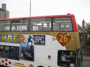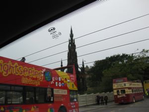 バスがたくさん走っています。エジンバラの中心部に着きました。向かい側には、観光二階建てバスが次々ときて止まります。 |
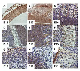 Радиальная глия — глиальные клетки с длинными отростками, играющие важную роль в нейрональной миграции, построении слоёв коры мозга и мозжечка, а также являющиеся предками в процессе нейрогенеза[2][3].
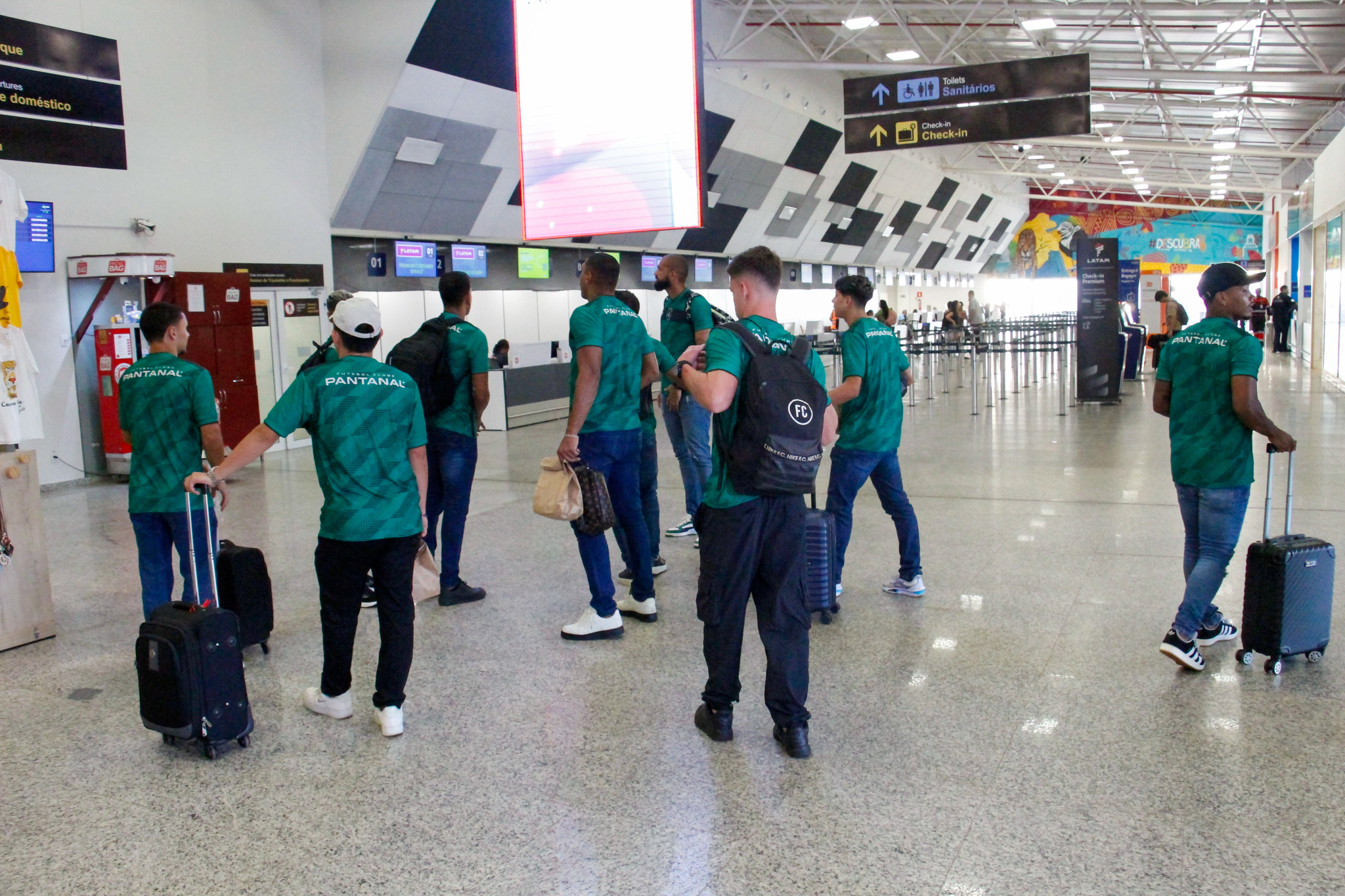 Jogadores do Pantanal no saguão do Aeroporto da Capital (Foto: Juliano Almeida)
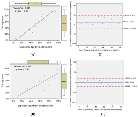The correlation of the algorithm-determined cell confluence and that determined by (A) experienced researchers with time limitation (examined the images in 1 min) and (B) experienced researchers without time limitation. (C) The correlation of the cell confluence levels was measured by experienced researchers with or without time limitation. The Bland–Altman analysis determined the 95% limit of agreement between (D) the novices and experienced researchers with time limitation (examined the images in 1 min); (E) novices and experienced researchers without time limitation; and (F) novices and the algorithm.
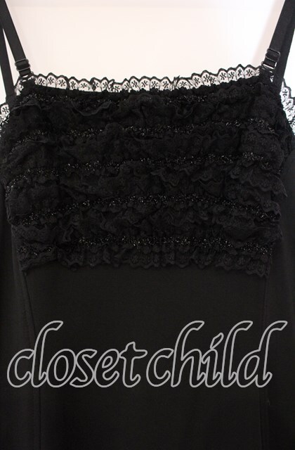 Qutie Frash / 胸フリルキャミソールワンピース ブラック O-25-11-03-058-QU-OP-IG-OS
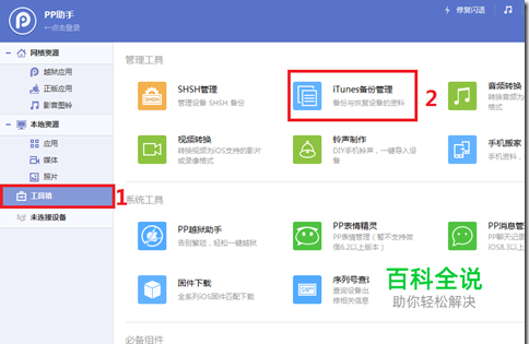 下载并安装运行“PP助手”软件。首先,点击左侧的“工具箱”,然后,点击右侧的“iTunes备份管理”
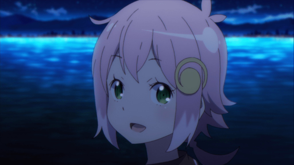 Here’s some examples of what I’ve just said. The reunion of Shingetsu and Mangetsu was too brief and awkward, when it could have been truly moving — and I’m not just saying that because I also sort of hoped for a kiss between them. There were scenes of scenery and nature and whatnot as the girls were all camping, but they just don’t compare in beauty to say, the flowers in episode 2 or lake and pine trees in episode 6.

————

▶ [TASK DETAILS]: Without the pictures, reproduce every entry exactly as written.

▶ [WRITTEN ANSWER]:
 バスがたくさん走っています。エジンバラの中心部に着きました。向かい側には、観光二階建てバスが次々ときて止まります。 |
 Радиальная глия — глиальные клетки с длинными отростками, играющие важную роль в нейрональной миграции, построении слоёв коры мозга и мозжечка, а также являющиеся предками в процессе нейрогенеза[2][3].
 Jogadores do Pantanal no saguão do Aeroporto da Capital (Foto: Juliano Almeida)
The correlation of the algorithm-determined cell confluence and that determined by (A) experienced researchers with time limitation (examined the images in 1 min) and (B) experienced researchers without time limitation. (C) The correlation of the cell confluence levels was measured by experienced researchers with or without time limitation. The Bland–Altman analysis determined the 95% limit of agreement between (D) the novices and experienced researchers with time limitation (examined the images in 1 min); (E) novices and experienced researchers without time limitation; and (F) novices and the algorithm.
 Qutie Frash / 胸フリルキャミソールワンピース ブラック O-25-11-03-058-QU-OP-IG-OS
 下载并安装运行“PP助手”软件。首先,点击左侧的“工具箱”,然后,点击右侧的“iTunes备份管理”
 Here’s some examples of what I’ve just said. The reunion of Shingetsu and Mangetsu was too brief and awkward, when it could have been truly moving — and I’m not just saying that because I also sort of hoped for a kiss between them. There were scenes of scenery and nature and whatnot as the girls were all camping, but they just don’t compare in beauty to say, the flowers in episode 2 or lake and pine trees in episode 6.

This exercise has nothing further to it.